If $X$ satisfies the decreasing chain condition then $X$ is compact? Let $X$ be a metric space. We say that $X$ satisfies Condition $C•$ if and only if, for
any decreasing sequence:
$$
··· ⊆ C_j ⊆ ··· ⊆ C_3 ⊆ C_2 ⊆ C_1
$$
of nonempty closed subsets of $X$, the intersection:
$$
\bigcap_{j=1}^\infty C_j 
$$
is nonempty. Show that if $X$ satisfies Condition $C•$ then $X$ is compact.
So my understanding is that this question if closely related to Cantor's Intersection Theorem which says that if $C•$ condition and compact then the intersection is non empty. But I am struggling to show that if condition $C•$ is met then $X$ has to be compact. 
I tried proceeding by way of contradiction (suppose that $X$ is not compact which means that $X$ is not complete, not totally bounded (remember that this is in a metric space so compactness is complete and totally bounded and not just closed and bounded)). Any help would be appreciated. 
 A: Using your condition that $X$ is compact if and only if $X$ is complete and totally bounded. Assume that $X$ is not compact, then $X$ is either not complete or not totally bounded. 
If $X$ is not complete, there is a Cauchy sequence $\{x_n \}$ so that it has no limit. Let $C_n = \{ x_k: k\ge n\}$. Then $C_n$ are all closed (if $C_n$ has a limit point $x$, then a subsequence of $\{x_n\}$ converges to $x$, this forces $\{x_n\}$ to converge to $x$ as $\{x_n\}$ is Cauchy).
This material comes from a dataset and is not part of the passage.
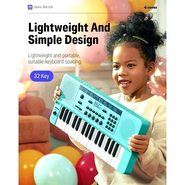 - Lightweight & Portable: DEK-32A 32keys electric keyboard has suitable keyboard spacing and can be easily played with a suitable force. It is not easy to pinch hands during practice. Which can be easily carried at any time.
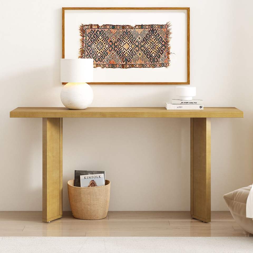 Mesa Consola U_STYLE con Chapa de Pino y Patas Geométricas Elegantes para Sala de Estar, Estudio o Comedor

However, 
$$\bigcap _n C_n = \emptyset.$$
Thus $X$ does not satisfies condition $C•$. 
If $X$ is not totally bounded, then there is $\epsilon >0$ and $\{x_i\}_{i\in I}$ so that $X$ is not covered by $\bigcup_{j\in J} B_\epsilon(x_j)$ for any finite subset $J\subset I$. Pick $i_1 \in I$ and call $y_1 = x_{i_1}$. Then there is $i_2 \in I$ and $y_2 \in B_\epsilon(x_{i_2})$ so that $y_2 \notin B_\epsilon (x_{i_1})$. 
Assume inductively that you have chosen $y_k \in B_\epsilon (x_{i_k})$, $k=1, \cdots, n$ so that $y_k \notin \bigcup_{ j\le k} B_\epsilon (x_{i_j})$ for all $k = 2, \cdots, n$. Then as $\bigcup_ k B_\epsilon(x_{i_k})$ does not cover $X$, there is $i_{n+1}$ and $y_{n+1} \in B_\epsilon (x_{i_{n+1}})$ so that $y_{n+1} \notin \cup_k\le n B_\epsilon (x_{i_k})$. 
Thus we have found a sequence $\{y_n\}$ in $X$ so that $d(y_i, y_j) \ge \epsilon$ for all $i, j$. Thus again $C_n = \{y_k : k\ge n\}$ is closed and violate condition $C•$.